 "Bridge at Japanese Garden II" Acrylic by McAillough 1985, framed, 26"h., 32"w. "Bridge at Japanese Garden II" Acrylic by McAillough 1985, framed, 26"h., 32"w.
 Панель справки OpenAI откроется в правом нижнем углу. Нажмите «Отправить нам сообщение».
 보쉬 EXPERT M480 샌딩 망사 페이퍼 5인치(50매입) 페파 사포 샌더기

* * *

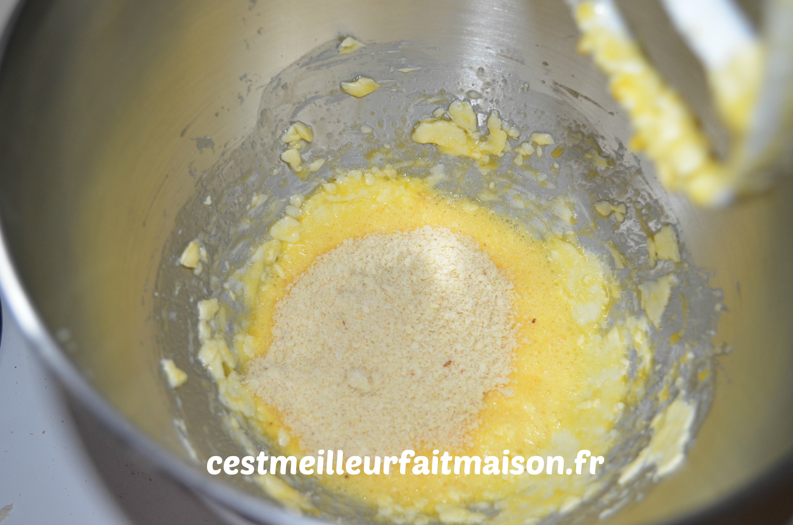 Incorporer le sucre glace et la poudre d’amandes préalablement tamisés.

:: Problem to work on ::
Only one part of the material above is to be transcribed, namely the lines starting with the line that has "Панель справки OpenAI" and going on through the line that has "보쉬 EXPERT M480 샌딩 망사 페이퍼 5인치(50매입) 페파 사포 샌더기", exactly as they stand.

:: Exercise answer ::
 Панель справки OpenAI откроется в правом нижнем углу. Нажмите «Отправить нам сообщение».
 보쉬 EXPERT M480 샌딩 망사 페이퍼 5인치(50매입) 페파 사포 샌더기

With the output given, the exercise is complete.